3 Both the left and right subtrees must also be binary search trees.

LeetCode 700

Search in a Binary Search Tree (Easy) [link]

1] Recursive solution.

# Definition for a binary tree node.
# class TreeNode:
#     def __init__(self, val=0, left=None, right=None):
#         self.val = val
#         self.left = left
#         self.right = right
class Solution:
    def searchBST(self, root: Optional[TreeNode], val: int) -> Optional[TreeNode]:
        if not root or root.val == val:
            return root
        
        if root.val > val:
            return self.searchBST(root.left, val)
        if root.val < val:
            return self.searchBST(root.right, val)

2] Iterative solution

# Definition for a binary tree node.
# class TreeNode:
#     def __init__(self, val=0, left=None, right=None):
#         self.val = val
#         self.left = left
#         self.right = right
class Solution:
    def searchBST(self, root: Optional[TreeNode], val: int) -> Optional[TreeNode]:
        
        while root is not None:
            if root.val < val:
                root = root.right
            elif root.val > val:
                root = root.left
            else:
                return root
        return None

LeetCode 98

Validate Binary Search Tree (Medium) [link]

1] Recursive Solution. Inorder traversal the tree, store values in a list, check whether the list is in ascending order. By inorder traversal, the BST should be in the ascending order. Note that BST does not have duplicated values.

# Definition for a binary tree node.
# class TreeNode:
#     def __init__(self, val=0, left=None, right=None):
#         self.val = val
#         self.left = left
#         self.right = right
class Solution:
    def isValidBST(self, root: Optional[TreeNode]) -> bool:
        candidates = []
        def inorder_traverse(root):
            if not root:
                return
            inorder_traverse(root.left)
            candidates.append(root.val)
            inorder_traverse(root.right)
            
        def is_ordered(lst):
            for i in range(1,len(lst)):
                if lst[i] <= lst[i-1]:
                    return False
            return True

        inorder_traverse(root)
        return is_ordered(candidates)

2] Recursive Solution. Comparing values within the recursion.

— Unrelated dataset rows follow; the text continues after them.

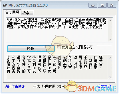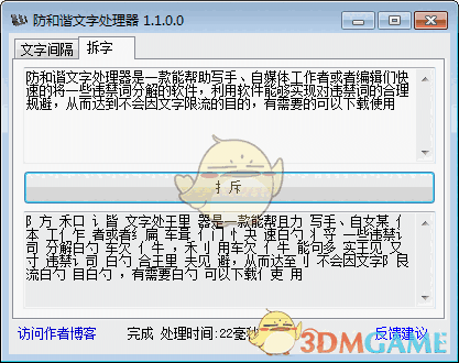 《防和谐文字处理器》在网络上很多地方有一些违禁的字或者词不能发送出来,这个软件可以帮用户解决这个问题。用户只需要将文字放入框内就可以进行操作,让用户没有障碍。
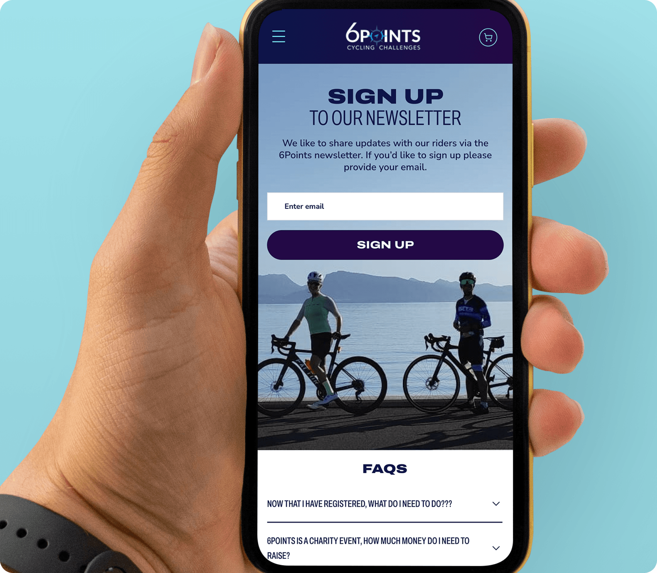 Since launch, the website has increased donations by 31% from the previous year, expanded sign ups for cycling challenges and provided a polished platform to share the charity’s story and mission. The end result? A vibrant online hub that empowers riders, engages supporters and amplifies the impact of 6Points Cycling Challenges.
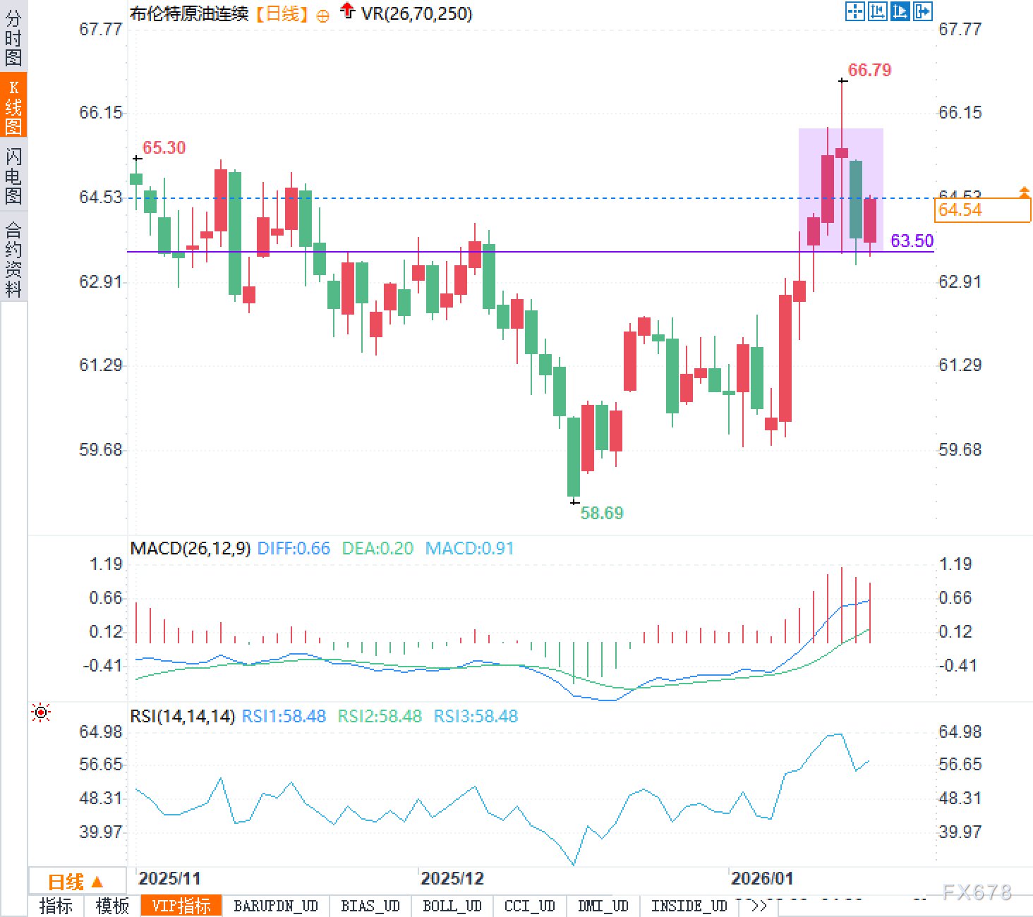从技术图形看,布伦特原油正处于关键调整阶段。日线图显示,本轮上涨触及66.79美元后遇阻回落,目前在64.50美元附近整理。上方高点压力显著,若无新的地缘升级或现货收紧证据,突破难度较大。而下方63.50美元一线被视为短线风控位,一旦跌破,可能触发趋势型资金进一步减仓,甚至引发加速下探。更下方的58.69美元则是中期重要支撑区域,对应低点水平,具有较强心理和技术意义。
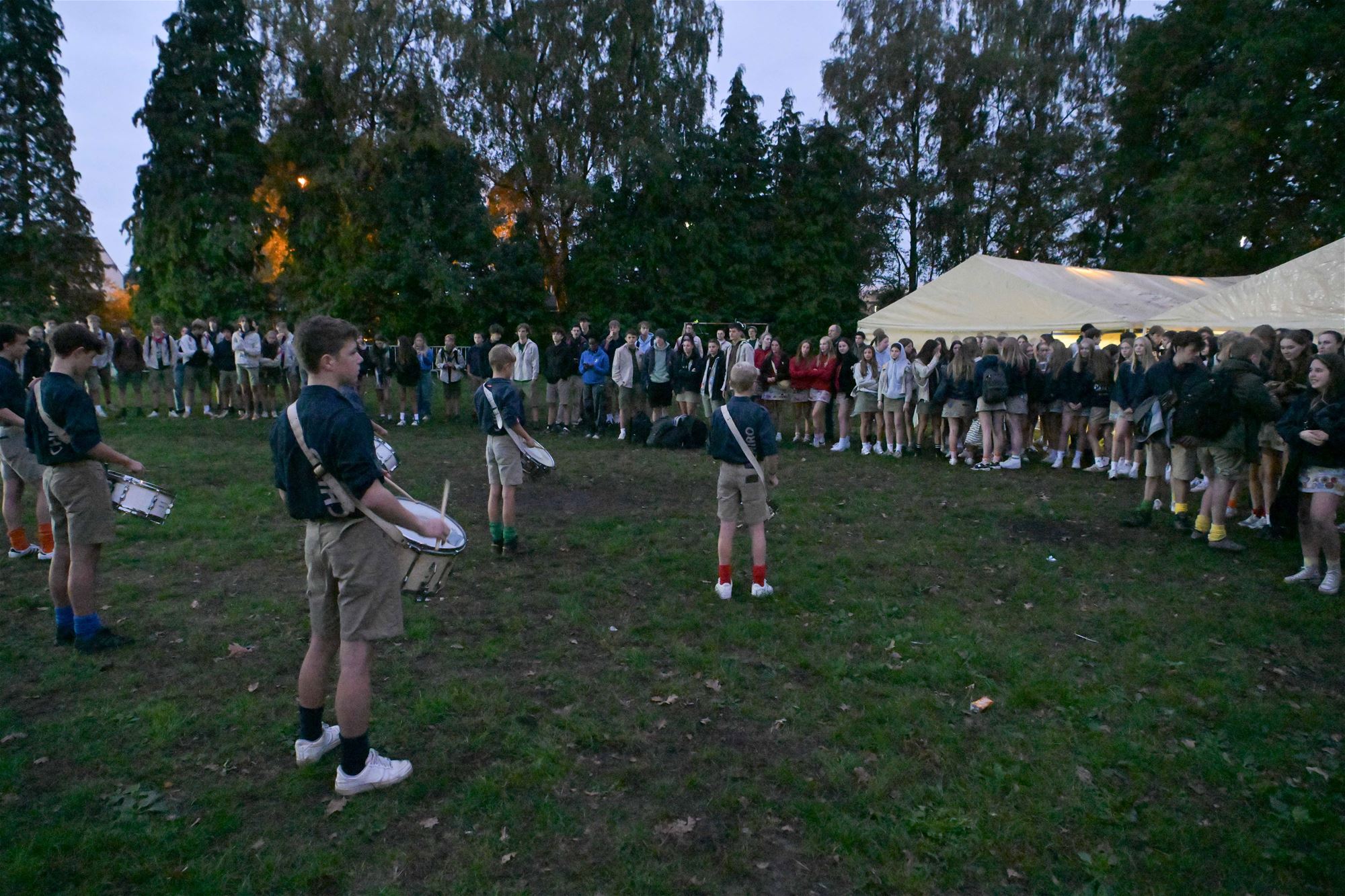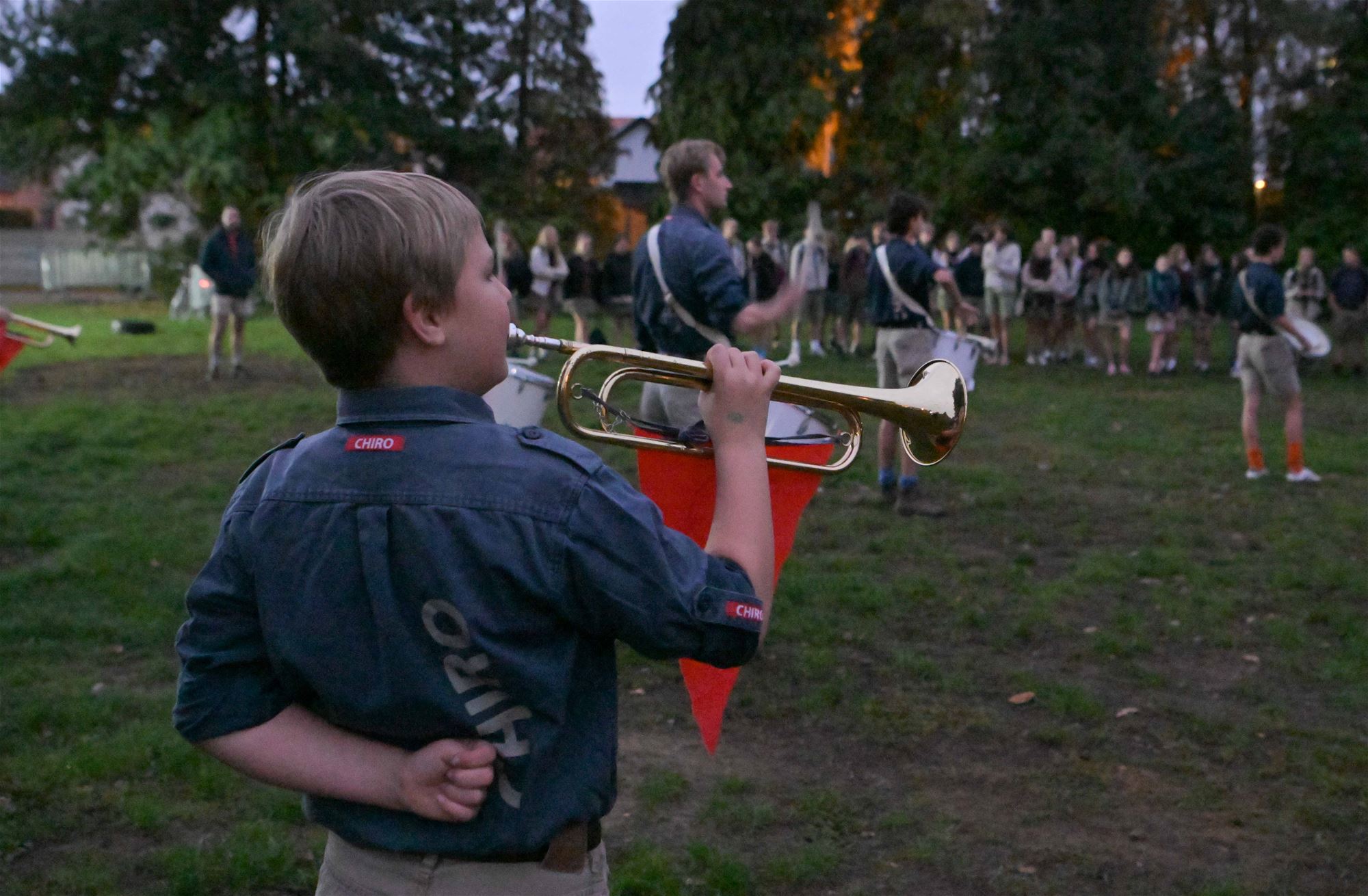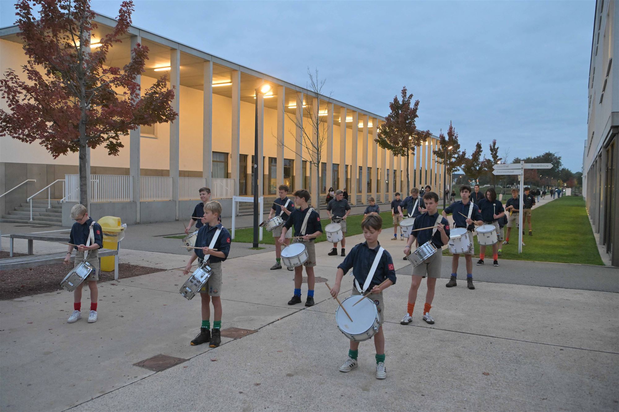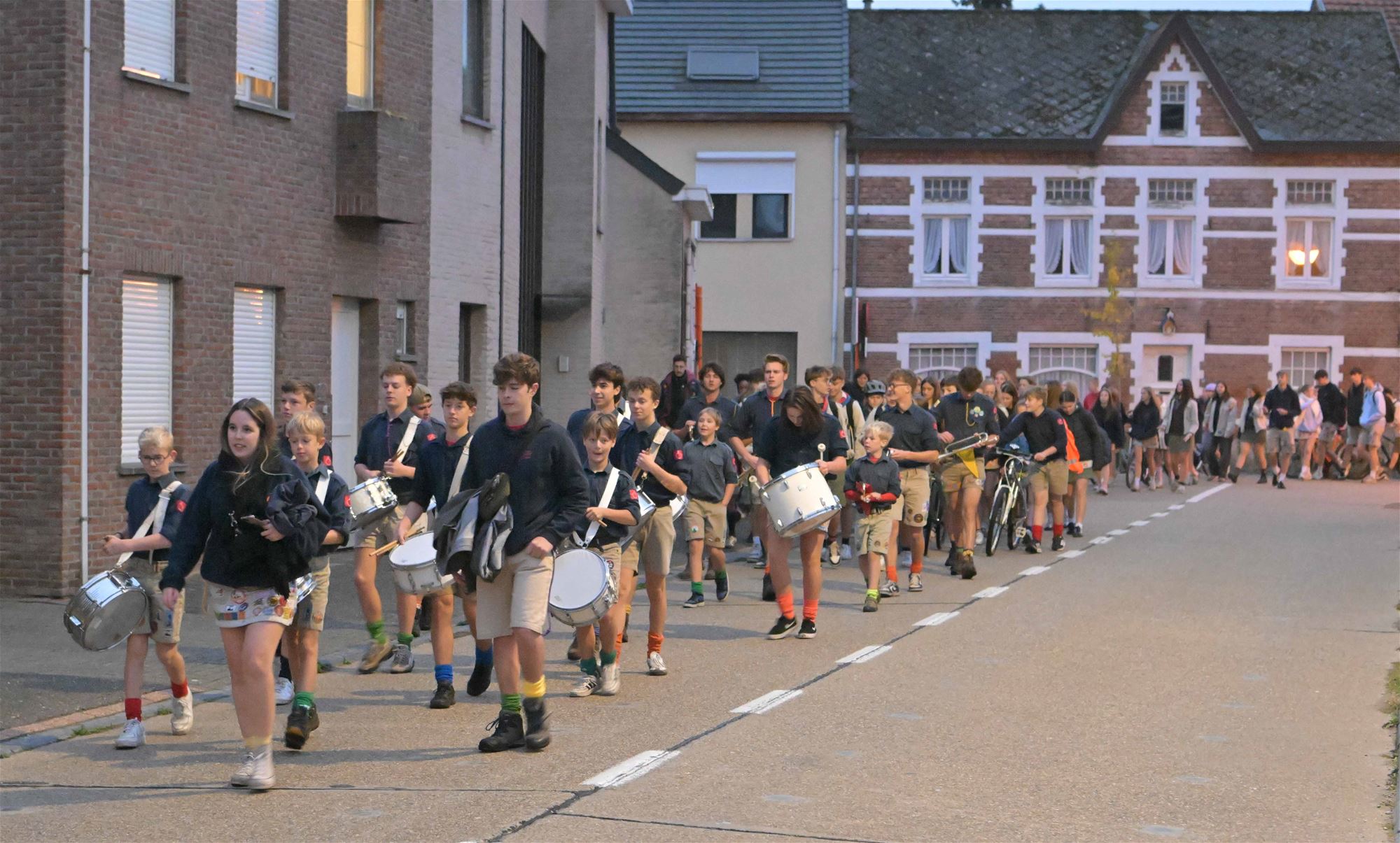 trommelkorps van Chiro Koersel in stoet naar de campus van het Spectrumcollege. Deze middag is er soep in de scholen en namiddag verzamelen de jongeren terug in het centrum. Daar krijgen ze nog een frietje en een embleem. Deze avond is er de Nacht van de Jeugdbeweging in Genk. "In Beringen zijn
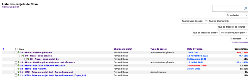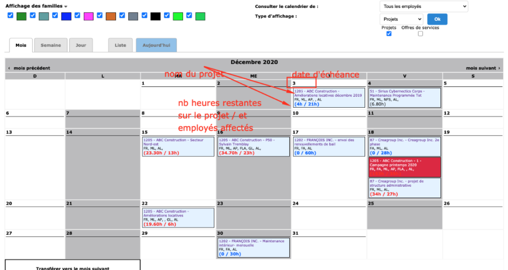 The production calendar is your ideal tool that gathers both deadlines and the number of hours remaining on your projects. Overtime is visible at a glance.
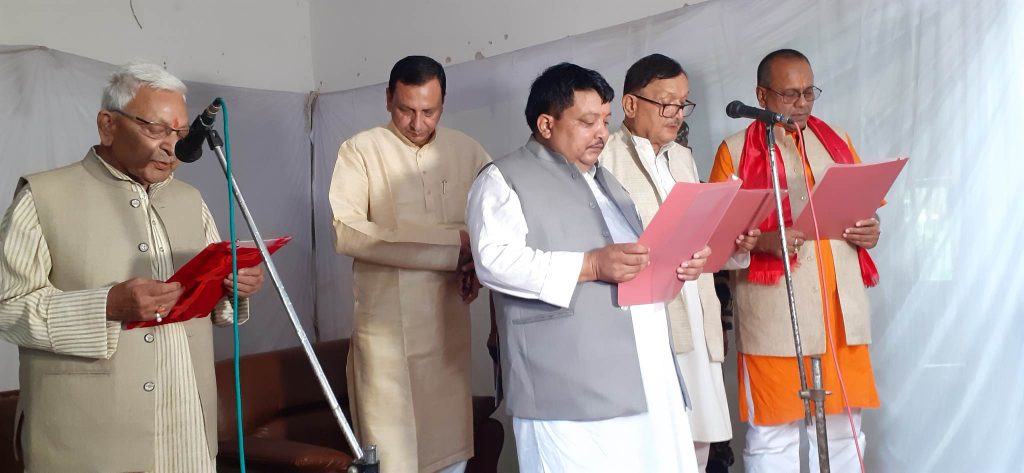 प्रदेश प्रमुख हरिशंकर मिश्रले नवनियुक्त तिनैजना मन्त्रीलाई नेपालको संविधानको धारा १६८ को उपधारा (९) बमोजिम पद तथा गोपनीयताको शपथ ग्रहण गराएका छन् ।
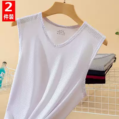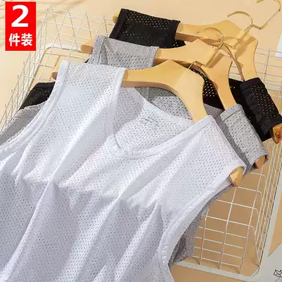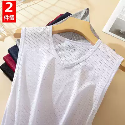 2-piece mesh ice silk vest men's waistcoat breathable quick-drying loose basketball sleeveless T-shirt sports thin summer tide
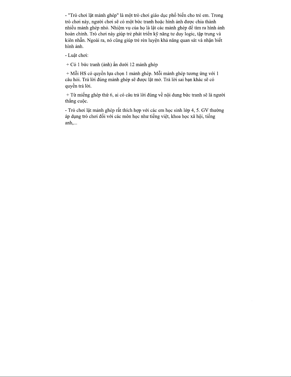 Trò chơi lật mảnh ghép - Hướng dẫn cho HS lớp 4, 5
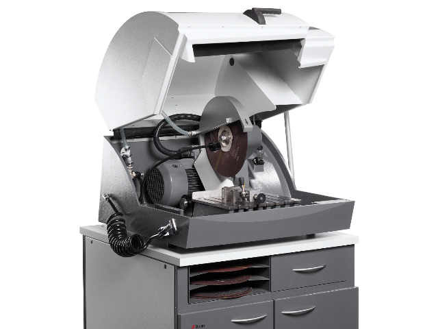 Ручной отрезной станок для резки материалографических образцов. Надежная конструкция, большой отрезной стол, просторная отрезная камера, мощный двигатель и эффективное охлаждение позволяют производить быстрое и точное отрезание образцов в лаборатории или на производстве.
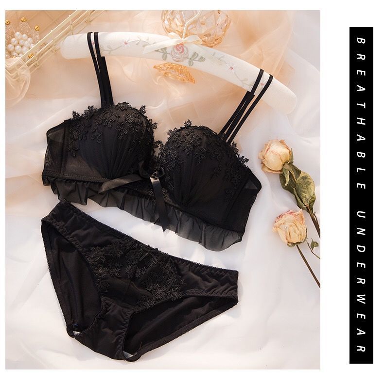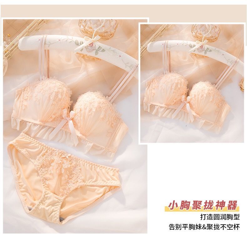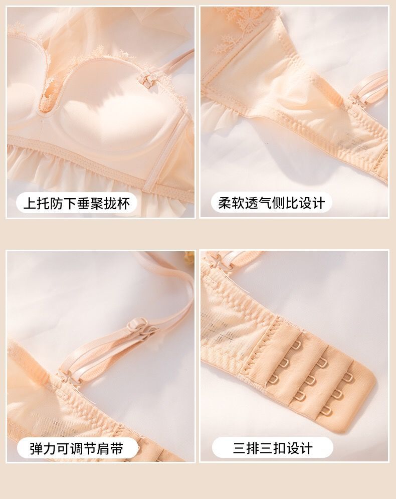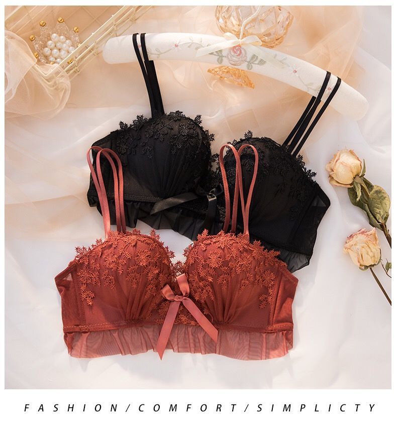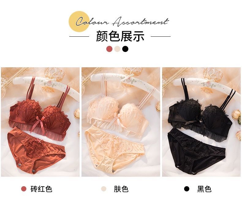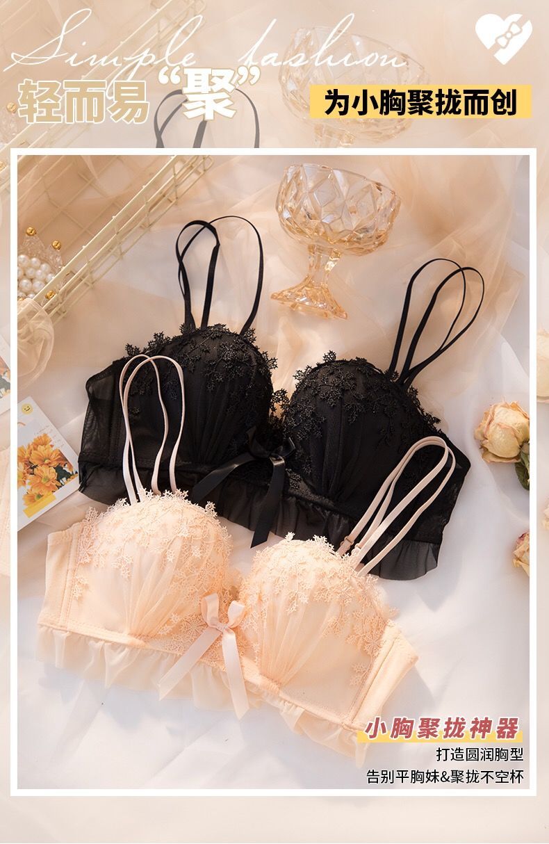 黛唯梵仙女梦本命年红色内衣女无钢圈美背交叉加厚性感蕾丝小胸聚拢文胸内衣裤套装

# Definition for a binary tree node.
# class TreeNode:
#     def __init__(self, val=0, left=None, right=None):
#         self.val = val
#         self.left = left
#         self.right = right
class Solution:
    def isValidBST(self, root: Optional[TreeNode]) -> bool:
        max_val = -float('inf')
        def _isValidBST(root):
            nonlocal max_val
            if not root:
                return True

            left = _isValidBST(root.left)
            if root.val > max_val:
                max_val = root.val
            else:
                return False
            right = _isValidBST(root.right)

            return left and right
        return _isValidBST(root)

3] Iterative solution.

# Definition for a binary tree node.
# class TreeNode:
#     def __init__(self, val=0, left=None, right=None):
#         self.val = val
#         self.left = left
#         self.right = right
class Solution:
    def isValidBST(self, root: Optional[TreeNode]) -> bool:
        stack = []
        cur = root
        pre = None
        while cur or stack:
            if cur:
                stack.append(cur)
                cur = cur.left
            else:
                cur = stack.pop()
                if pre and cur.val <= pre.val:
                    return False
                pre = cur
                cur = cur.right
        return True

LeetCode 235

Lowest Common Ancestor of a Binary Search Tree (Medium) [link]

1] Iterative solution

# Definition for a binary tree node.
# class TreeNode:
#     def __init__(self, x):
#         self.val = x
#         self.left = None
#         self.right = None

class Solution:
    def lowestCommonAncestor(self, root: 'TreeNode', p: 'TreeNode', q: 'TreeNode') -> 'TreeNode':
        while True:
            if root.val > p.val and root.val > q.val:
                root = root.left
            elif root.val < p.val and root.val < q.val:
                root = root.right
            else:
                return root

2] Recursive solution

# Definition for a binary tree node.
# class TreeNode:
#     def __init__(self, x):
#         self.val = x
#         self.left = None
#         self.right = None

class Solution:
    def lowestCommonAncestor(self, root: 'TreeNode', p: 'TreeNode', q: 'TreeNode') -> 'TreeNode':
        if root.val > p.val and root.val > q.val:
            return self.lowestCommonAncestor(root.left, p, q)
        if root.val < p.val and root.val < q.val:
            return self.lowestCommonAncestor(root.right, p, q)
        return root